An international collaboration of cancer-research heavy-weights aims to grow 1,000 new cell lines for scientists to study — and that could be just the beginning.
The Human Cancer Models Initiative announced its pilot project on 11 July, and intends to complete the initial 1,000 models within 3 years. Members of the initiative include the US National Cancer Institute (NCI) in Bethesda, Maryland; Cancer Research UK in London; the Wellcome Trust Sanger Institute in Hinxton, UK; and Hubrecht Organoid Technology of Utrecht in the Netherlands.
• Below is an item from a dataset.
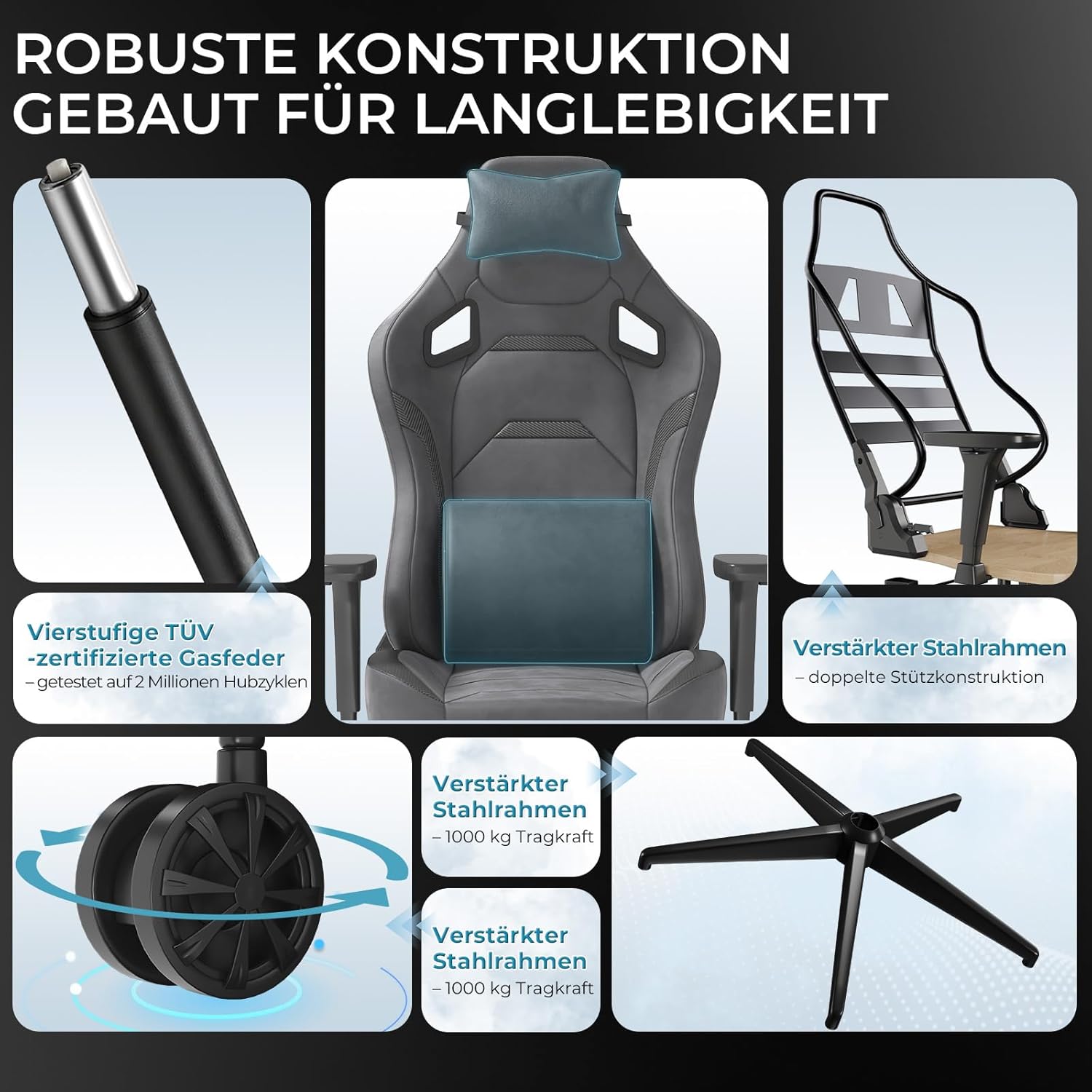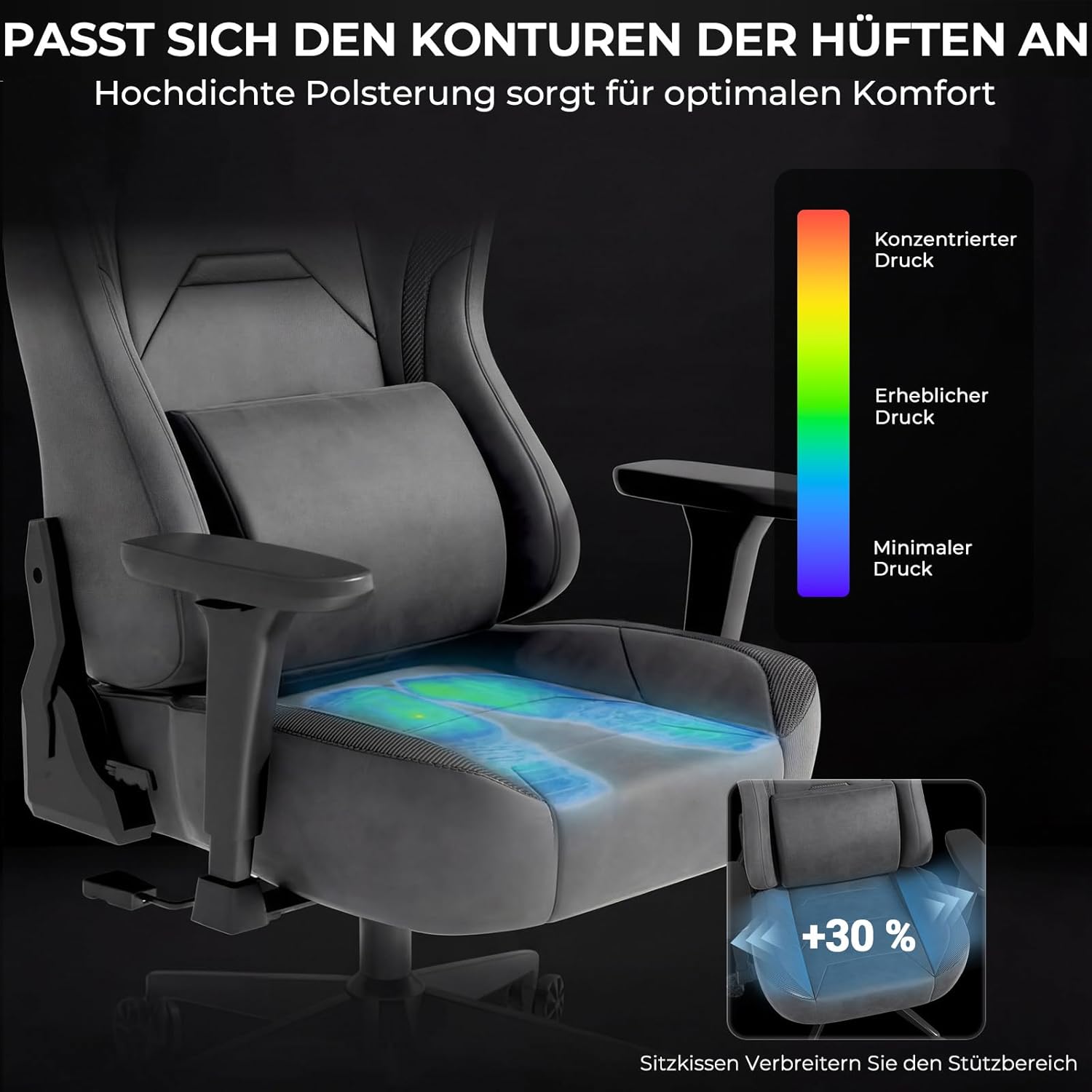 - 💺 Ergonomisches Design: Unterstützt Rücken & Haltung bei langen Gaming-Sessions

The initial goal of 1,000 cell lines would roughly double the world’s collection of accessible cancer cell models, says Louis Staudt, head of the NCI’s Center for Cancer Genomics. But if all goes well during the pilot, the project will generate thousands more. Staudt estimates that researchers need about 10,000 models to fully capture the diversity of relatively common genetic subtypes of cancer. “Whether we actually will push into that depends a lot upon how easy and valuable the cell lines are from the pilot,” he says.
Reflections of reality
The initiative’s models will offer several improvements over most available cell lines. Each line will be matched with clinical data about the donor patient, and how they responded to treatment. The project will also use cutting-edge techniques to generate its models, which will include 3D cultures called organoids, and cells that have been reprogrammed to grow indefinitely in culture.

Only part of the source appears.